Posted by on Aug 7, 2010 in Ashtanga | 0 comments

So, remember in EMPIRE when Yoda tells Luke, “You must unlearn what you have learned”? It’s in sacred texts too: you are what you believe, you make your own unhappiness, and so on and so forth. And on top of all of this I finished ZAMM yesterday and so I have a ton of Pre-Socratic thinkers in my head telling me how to live well and how a physical production done with peace of mind is actually a spiritual reality. It’s pretty far out in my head (well, really that was always true).

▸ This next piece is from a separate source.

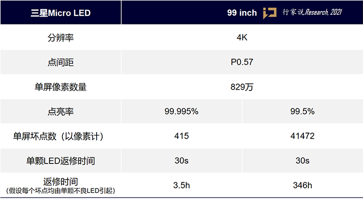 如上表所示,110英寸Micro LED电视的像素与99英寸Micro LED电视的像素数量为829万个,据了解,110英寸Micro LED电视的RGB三色LED的转移总良率约为99.9%,则单屏有8294个坏点。如果采用返修每颗LED速度为30秒的返修设备,在假设每个不良像素点是由一颗LED坏点引起的情况下,把所有坏点的修复时间加总,为69小时。

Today I did the whole practice and was done by about 8:40, which means I practiced for probably 2 hours and 20 minutes. TL’s handstand lesson today was “the press.” When he came over and told me that, instantly through my head went, “No fucking way dude, that’s impossible,” but with a head full of ZAMM now, that was immediately followed by, “wait, hold that, study it….impossible? why? for whom? let us investigate.”

The lever that you lift is the legs. Same as in headstand. If you bend the knees, you shorten the lever; if you spread the feet wide (WIDE), you shorten the lever. Shortening the lever takes less effort in the center line, and especially in handstand (much moreso than in headstand), you don’t really core your way up, you shoulder your way up. TL said vinyasa through (i.e., Navasana then Lolasana, jump sort of just behind your hands, come to Uttanasana) and then tiptoe, and then spread your feet wide and press up.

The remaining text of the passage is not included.